In a post on X (formerly Twitter), the co-founder Pratyush Kumar claimed that Sarvam Vision achieved 84.3% accuracy on olmOCR-Bench, surpassing Gemini 3 Pro and DeepSeek OCR v2, and 93.28% on OmniDocBench v1.5.

And when it comes to Bulbul V3, its text-to-speech model supports 35 voices, with the sample set distributed across 22 official Indian languages, from 1800 to the present. It also has different quality of scans and content. "On Indian languages, Sarvam Vision is the best model by far, while supporting all 22 scheduled Indian languages," Kumar claimed.
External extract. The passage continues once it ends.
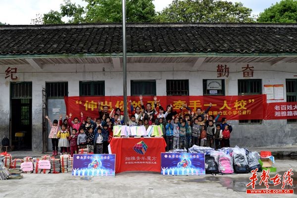 街道工委书记蒋君介绍说,“伸出你的手,牵手一人校”关爱湘西贫困学生公益行是湘雅路“手牵手,一起走”书记项目的升级版,目标是在原有的共建基础上,充分发挥党建引领作用,融合群团、统战力量,实现“党建+”的功效,与湘雅路的老百姓大药房组建湘雅青年魔方团建项目,促进该项目品牌的提升。与大山深处"一人校"的牵手,感动的是青春无悔的坚守,收获的是奉献社会的励志,在孩子们期待的目光里,将会积聚更多的关注关爱。

The series includes a 3B-parameter state-space vision-language model, which is capable of visual understanding tasks, including image captioning, scene text recognition, chart interpretation, and complex table parsing.

Sarvam AI is a "sovereign" AI

The official website stated that the company aims to build a future where AI is widely accessible to everyone in India. "We want India to embrace the most important technological shift of our time with confidence and control. Our ambition is to build foundational components and apply them to the country's unique needs," the company wrote on its website.

Sarvam AI's success marks a significant milestone in India's AI journey, showcasing the country's potential in core AI innovation. The startup's focus on India-specific challenges has earned recognition from global experts, including tech commentator Deedy Das, who acknowledged the value of Sarvam's OCR and speech models for Indian languages.

"I was wrong about Sarvam," Das wrote on X.

"When I wrote about them a year ago, I felt like the direction to train small "indic" language models was wrong. But boy, have they turned it around. They have the best text-to-speech, speech-to text, and OCR models for Indic languages, and that's actually really valuable. The pricing is very reasonable. And the website is not only beautifully designed but dirt easy to use."

"They're filling a well needed gap in the ecosystem and doing things big labs will probably never focus on to the fullest extent (at least in the short term). I don't know anything about the business, but there's a lot to appreciate about what they've build technologically and I can't remember the last time I felt that way about software products coming out of India. Well done."